==== COLLECTED MATERIAL ====
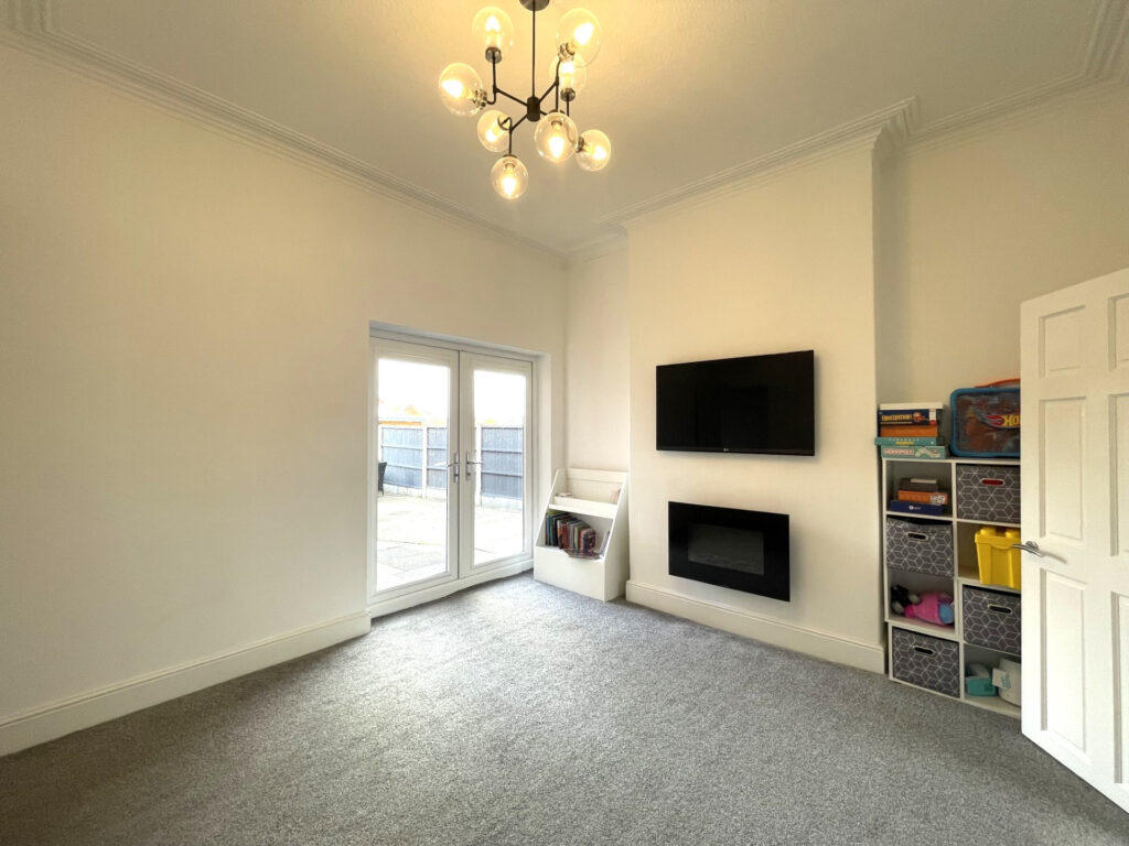 The property enjoys a private driveway, a double garage to the rear and a spacious garden, providing a wonderful outdoor space as well as the opportunity to extend further if desired. Inside, the house is finished to a high standard with high ceilings and a modern design, offering a true turn-key opportunity. The ground floor is both practical and versatile, featuring two welcoming reception rooms, a lounge and a family room, ideal for entertaining, relaxing or accommodating the needs of larger families. There is also a well-planned bathroom with bath, shower and built-in storage.
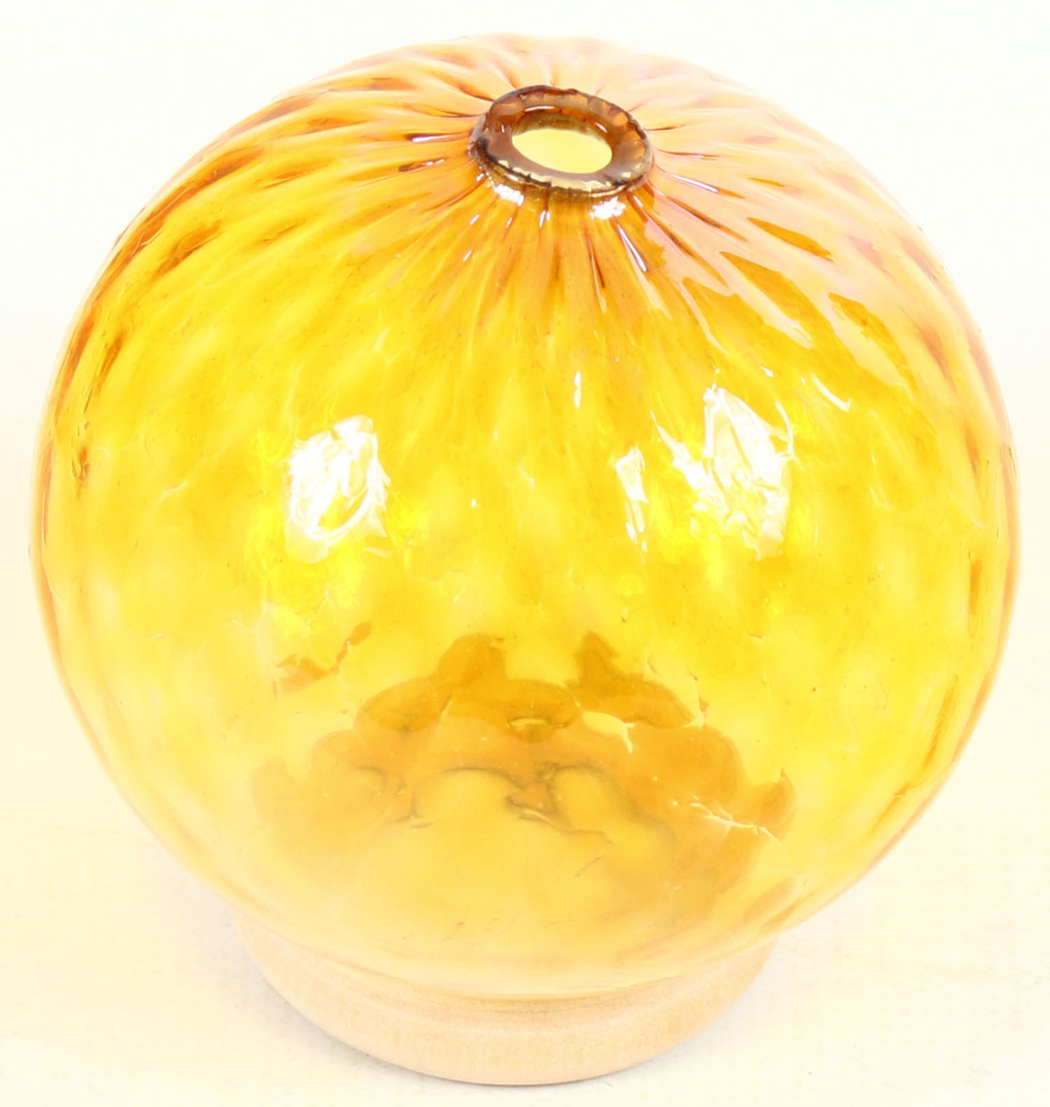 Rare Amber Glass Target Ball, only smaller than the one lot before this one, unmarked, fish net design, low neck, very collectible. Grade: Excellent - Value: 200 to 500
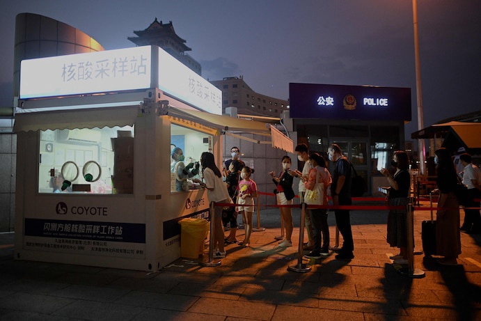 Một nhân viên y tế đang lấy mẫu xét nghiệm sàng lọc vào ngày 5/8 tại một nhà ga ở Bắc Kinh, Trung Quốc. Ảnh: Getty Images.
====
• _ASSIGNMENT_:
Repeat the line that contains "Rare Amber Glass" and each line after it, through the last line of the listing, exactly and alone; pictures stay out of the repeat.

• _EXPECTED ANSWER_:
 Rare Amber Glass Target Ball, only smaller than the one lot before this one, unmarked, fish net design, low neck, very collectible. Grade: Excellent - Value: 200 to 500
 Một nhân viên y tế đang lấy mẫu xét nghiệm sàng lọc vào ngày 5/8 tại một nhà ga ở Bắc Kinh, Trung Quốc. Ảnh: Getty Images.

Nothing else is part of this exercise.